I work to keep my awareness of low and high blood glucose, which is hard to maintain the longer you have T1. I am always conscious of getting a hypo in public. When I was young I was very embarrassed about having diabetes and also felt that if I didn’t keep it well managed at all times, that I had failed.

About 10 years ago I got very interested in the nutritional aspects of food. I hate the term ‘diabetic diet’. I have more a hatred of unhealthy additives than I have of sugar.

Food has changed so much particularly in the last ten years.

I have tried lots of different things to influence my glucose levels, some successful and some not. Different things work at different times of my life, so it’s an evolving process.

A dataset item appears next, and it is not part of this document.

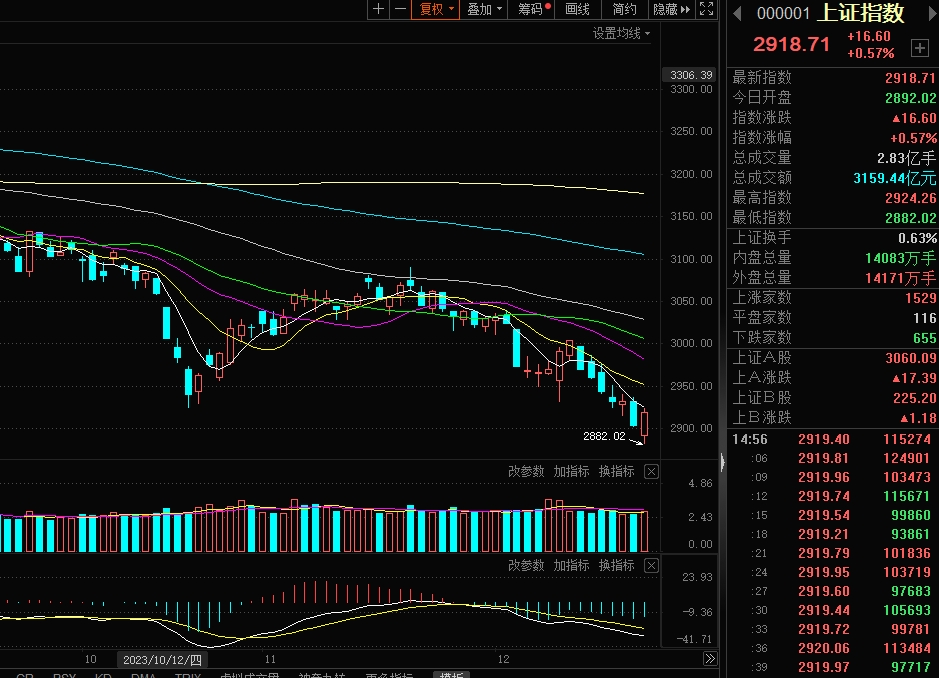 今早沪指直接低开跌破2900点关口,白酒为首的大消费以及光伏为首的新能源赛道双双启动,快速拉升股指翻红。尽管传媒、AI等强势板块盘中再度补跌拖累股指二次探底,但光伏、CPO等机构重仓板块强势拉升,带动股指展开绝地反击。午后昆仑万维等AIGC概念冲高的同时,光伏、储能等新能源赛道持续走强,沪指强势收复2900点,创业板指收涨超1%。沪深两市今日成交额7324亿,较上个交易日放量688亿。截至收盘,沪指涨0.57%,深成指涨1.08%,创业板指涨1.65%。

Until recently, there was no awareness of the stress of having diabetes. T1 has been challenging and sometimes stressful many time over my life, but there is nothing for it but have a moan, sit down and think about what I can do to sort out any issues and get on with it. T1 problems sometimes pop up and go away for no reason. Overthinking makes me stressed which makes it worse, so I try to get out and meet friends, do something a bit different or sometimes I just need a rest.

I used to be critical of myself when I misjudged the amount of insulin I gave and ended up high or low. I eventually accepted that I was doing my best and couldn’t replace a pancreas.

I never thought about the length of time I had T1 until I celebrated my 50th birthday and realised that in only 3 years time I would have lived with my co-partner T1 for 50 years too. I searched online for other people who had it for 50 years and longer and I found references to people but nothing written by the people themselves. I decided it was time to represent my generation’s T1 population. I hope I have done that in theartisandiabetic.ie. I had no T1 online presence before then and I found a whole new support group from all over the world that I never knew existed.

I am a Quality Technician by trade but I am studying nutrition and I hope to be of help to others in the near future. I made and decorated wedding cakes and gave cake decorating classes for about 15 years before becoming a QT, so I have handled a lot of sugar both inside and out!